The resulting class defines a function that performs the multiplication and a result data type that converts to an accumulator or vector. The function interprets the input vectors as matrices as described by the shape parameters.

The following is a sample code to compute a C(2x64) = A(2x8) * B(8x64) matrix multiplication, using 2*4*8 mode of mmul. One iteration of the loop does: C0(2x8) = A0(2x4) * B0(4x8) + A1(2x4) * B1(4x8), where:

  • A0 is left half of A
  • A1 is right half of A
  • B0 is upper left 4x8 matrix of B
  • B1 is lower left 4x8 matrix of B
  • C0 is leftmost 2x8 matrix of C

Store all matrix data in row-major format in memory. Matrix A is read into a vector, per instructions, thus requires data filtering for mmul. B0 and B1 are read a row (eight elements) at a time. Four rows are combined for mmul. The indexes of two rows of C0 need to be calculated and two rows of C0 are written to memory separately.

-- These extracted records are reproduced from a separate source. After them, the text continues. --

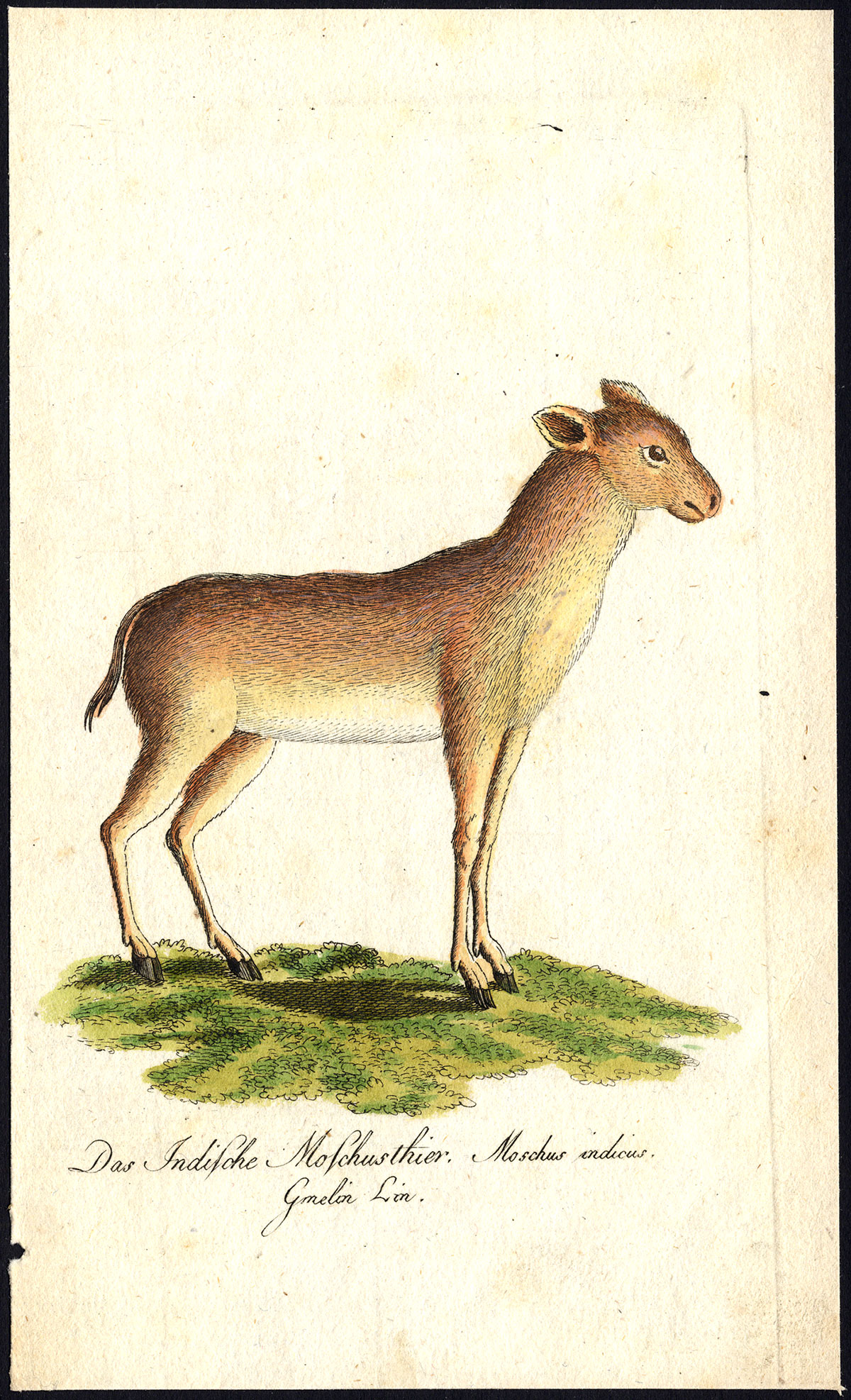 Onderwerp: Origineel bord, getiteld: Der Indische Moschusthier. Moschus indicus (Moschus-hert).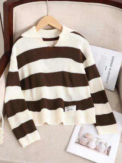 SHEIN Avslappnad ribbad polotröja för tweenflickor, collegestil, höst/vinter - Brun - Visa 1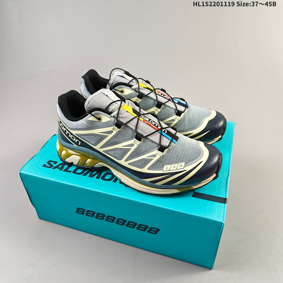 集合二💰220 莞产纯原礼盒版本 全码出货‼ Salomon XT-6 黑灰银 萨洛蒙机能风户外越野跑鞋 实拍上架 鞋面采用SENSIFIT贴合技术 全方位贴合包裹脚型 鞋跟部鞋底牵引设计 提供强大的抓地性能 更适应野外崎岖不平的道路 其3D ADVANCED CHASSIS底盘 材料轻量大化 钉齿设计更具稳定性、防护性 鞋底易磨损区运用CONTAGRIP高耐磨材料 应对城市硬质路面长距离跑考验 货号:416635HL152201119 Size:37~45B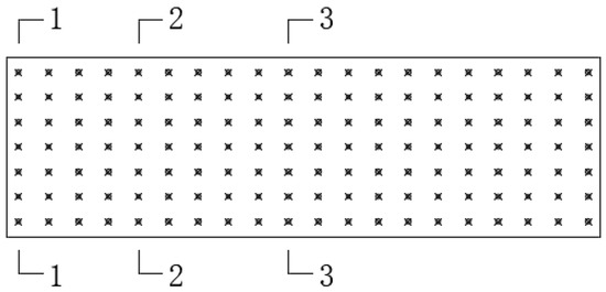 The mean and minimum peak pressure coefficients on the solar module, as depicted in Figure 4, Figure 5 and Figure 6, indicate distinct wind pressure distributions between the end and inner sections of the solar module when the wind direction is perpendicular to the roof ridge. In the following analysis, three sections, i.e., the end Section 1–1, the 1/4 Section 2–2, and the center Section 3–3, displayed in Figure 7, are selected to examine the impact of cornice at θ = 0°, where the length of cornice varies from 0 m to 1.6 m.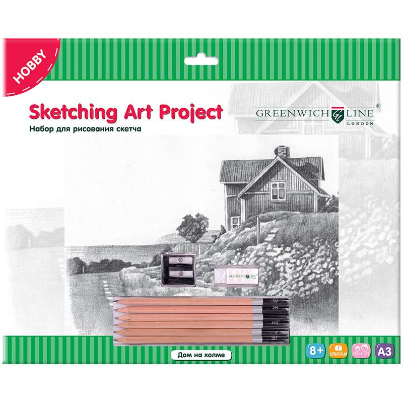 Главная / Товары / КАНЦТОВАРЫ / УПАКОВКА / ХОЗ ТОВАРЫ / РАСХОДНЫЕ МАТЕРИАЛЫ / Канцелярские товары - Школьные / Товары для творчества и хобби / Наборы для детского творчества / Наборы для рисования / Набор для рисования скетча Greenwich Line "Дом на холме", A3, карандаши, ластик, точилка, картон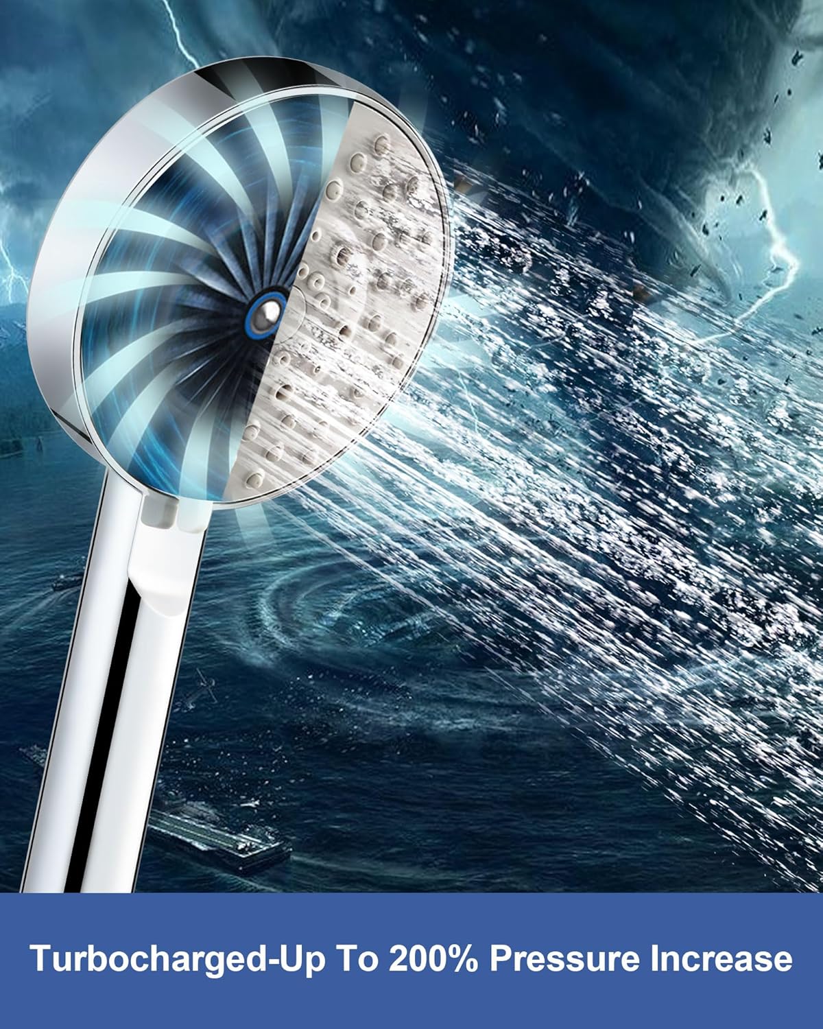 • Душ глава с високо налягане: Тази мощна душ глава използва усъвършенствана турбо технология, която може ефективно да подобри водното налягане. Тази душ глава с високо налягане е подходяща за ниско водно налягане. Важна забележка: В душовата глава има турбина за усилване на налягането, което може да издава тракащ шум вътре, но е нормално за този артикул.

Note: This example demonstrates mmul usage, but it is not optimized for performance.
#include <aie_api/aie.hpp>
#include <aie_api/aie_adf.hpp>
#include "aie_api/utils.hpp"

// For element mmul
const int M=2;
const int K=4;
const int N=8;

// Total matrix sizes
const int rowA=2;
const int colA=8;
const int colB=64;
const int SHIFT_BITS=0;
using namespace adf;
using MMUL = aie::mmul<M, K, N, int16, int16>;
void matmul_mmul(input_buffer<int16>& __restrict data0,  
    input_buffer<int16>& __restrict data1, output_buffer<int16>& __restrict out){
  auto pa=aie::begin_vector<MMUL::size_A*2>(data0);
  aie::vector<int16,MMUL::size_A*2> va=*pa;

  // select left half matrix of A into va0
  aie::vector<int16,MMUL::size_A> va0=aie::filter_even(va,4);

  // select right half matrix of A into va1
  aie::vector<int16,MMUL::size_A> va1=aie::filter_odd(va,4);

  auto pb0=aie::begin_vector<8>(data1);
  auto pb1=pb0+32;
  aie::vector<int16,N> vb0_[4];
  aie::vector<int16,N> vb1_[4];
  aie::vector<int16,MMUL::size_C> vc;
  auto pc=aie::begin_vector<8>(out);
  for(int i=0;i<colB/N;i++)
  chess_prepare_for_pipelining
  {
    for(int j=0;j<4;j++){
      vb0_[j]=*pb0;
      pb0+=8;
      vb1_[j]=*pb1;
      pb1+=8;
    }
    MMUL m;
    m.mul(va0,aie::concat(vb0_[0],vb0_[1],vb0_[2],vb0_[3]));
    m.mac(va1,aie::concat(vb1_[0],vb1_[1],vb1_[2],vb1_[3]));
    vc=m.to_vector<int16>(SHIFT_BITS);//right shift SHIFT_BITS
    *pc=vc.extract<8>(0);
    pc+=8;
    *pc=vc.extract<8>(1);
    pc-=7;
    pb0-=31;
    pb1-=31;
  }
}